Alexandre, in 1911, hearing the ship’s horns blow, watched as he pulled away from India, and he could not have known then that the Somerset Light Infantry would march slowly in 1948, and as they did, Anjali would hold Sarojini Naidu’s arm in Bombay. Alexandre did not know then that the light infantry would be the last British regiment to leave India. Anjali would cry on that last day of February 1948 as the first battalion of light infantry would move alongside their Indian escorts: the Bombay Grenadiers, the Second Sikhs, the Indian Navy, the 3/5th Gurkhas, the Mahratta Light Infantry, men with whom they would fight and die in Gibraltar, Normandy, the North West Frontier, the Japanese islands and Mesopotamia. The Indian and British soldiers would offer each other their last royal salute, and the crowd would quiet itself, somber as the band played “God Save the Queen.” In the crowd, sentiment would make way for joy as the standard bearers, carrying the Union Jack and the regimental colors, led the soldiers as they passed under the Gateway of India. The
Empress of Australia
would wait in Bombay’s harbor, great puffs of black smoke rising out of her funnels. The soldiers would board the steamship to “Auld Lang Syne.” Anjali would bend at the waist, leaning hard on Sarojini. In the distance, with the other officiates, she would weep and would not know why.

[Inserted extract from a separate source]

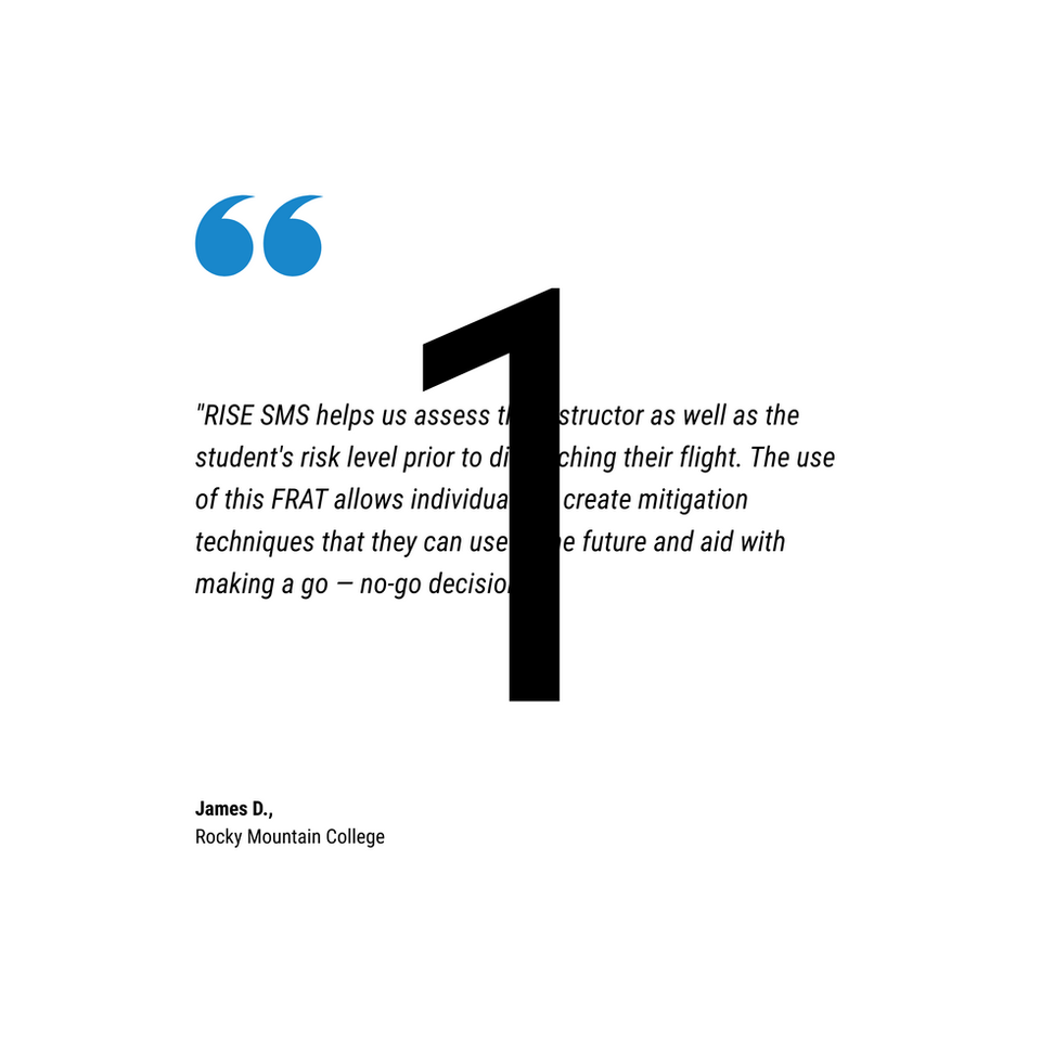 "RISE SMS helps us assess the instructor as well as the student's risk level prior to dispatching their flight. The use of this FRAT allows individuals to create mitigation techniques that they can use in the future and aid with making a go—no-go decision."

At the center of the ceremony would be the man that Anjali revered most: Nehru would hold the arm of Major-General Whistler as his troops boarded the
Empress of Australia
. His expression would be stern, but even at that distance Anjali would make out in her hero’s face a melancholy about his eyes. An attendant would hand Nehru a red box. Nehru had wanted this feeling since he was a rich boy without direction or will in Cambridge. His would tremble as he handed
the box to Brigadier John Platt, who would wear a scar on his face since shards of a German Nebelwerfer had hit him when crossing the Garigliano River. Platt had shot tigers in Madras, and in the brown faces of the Indian regiments, could make out men who had served under him during the war. “We are most reluctant to leave behind so many good friends and your great country which our regiment has known and served for so long. At the same time, we are happy for you in your newfound freedom, and I take this unique opportunity of wishing you all good luck and Jai Hind.” The crowd would cheer him on as he opened the box and reached in and lifted out a silver scale-model of the Gateway to India.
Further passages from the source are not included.